These findings must be interpreted in light of the study’s limitations, many of which are common to studies that use health care claims databases. It is possible that doctors diagnosed hypertension and prescribed antihypertensive medications differentially to patients taking different NSAIDs and COX-2 specific inhibitors. Because this study used data from 1999 to 2000, a time before published data regarding possible differences in these agents, we think this is very unlikely. Medications used for hypertension are used for many other indications, including congestive heart failure and angina, so that we may have misclassified some patients as having hypertension who did not. We applied conservative definitions requiring a diagnosis of hypertension as well as use of medications that lower the blood pressure. These definitions were applied equally across all relevant exposures. Hence, if there was substantial nondifferential misclassification, it would have biased all findings toward the null. The study database does not include use of over-the-counter medications, such as several nonspecific NSAIDs. However, use of these agents is less common than prescription agents in a lower income population with full drug coverage, such as the one studied. As well, it would be unlikely that use of over-the-counter nonspecific NSAIDs occurred differentially across the two COX-2 specific inhibitor groups. Other unmeasured factors may confound these results. We did examine several potential confounders in a different Medicare cohort (such as body mass index, tobacco use, and socioeconomic status) and found that the bias would have been toward the null in comparisons between COX-2 specific inhibitors and nonspecific NSAIDs. However, there is the possibility for residual confounding. Finally, the study cohorts included only patients enrolled in a drug benefit program for low-to-moderate income elderly. It will be important for hypertension to be studied in other populations taking these agents.
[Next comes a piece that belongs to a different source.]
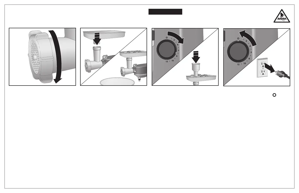 injury, never reach into grinder feed chute. Always use food

It is not clear why there may be differences in the effect on blood pressure between rofecoxib and celecoxib. These effects may be specific to the individual molecular structure of the 2 different molecules,¹⁹ but this issue needs further examination so that the safety of these agents can be improved. Data from rat models of hypertension suggest that celecoxib but not rofecoxib may be associated with improvements in endothelial function and reductions in oxidative stress, but this finding has not been reported in all studies.^5,6 There are other examples of specific agents in a medication class with distinct side effect risks, such as bromfenac, a nonspecific NSAID, with a higher than typical risk of hepatoxicity²⁰ and cerivastatin, a lipid-lowering agent that is associated with rhabdomyolysis at increased rates compared with other statins.²¹

Perspectives
We found that rofecoxib was associated with an increased relative risk of new onset hypertension requiring treatment compared with celecoxib, nonspecific NSAIDs, and no NSAID. This relative risk appeared to be increased for patients taking rofecoxib who also had renal disease, liver disease, or congestive heart failure. Although this study cannot prove causality, it adds significant new information about the risk of hypertension requiring treatment for patients taking rofecoxib seen in typical practice.

	Acknowledgments

 
This work was supported by an unrestricted research grant to Brigham and Women’s Hospital from Pfizer. D.H.S. is also supported by grants from the Arthritis Foundation and National Institutes of Health (AR48616 and AR48264). All aspects of the study design, analyses, and presentation were under complete control of the study authors.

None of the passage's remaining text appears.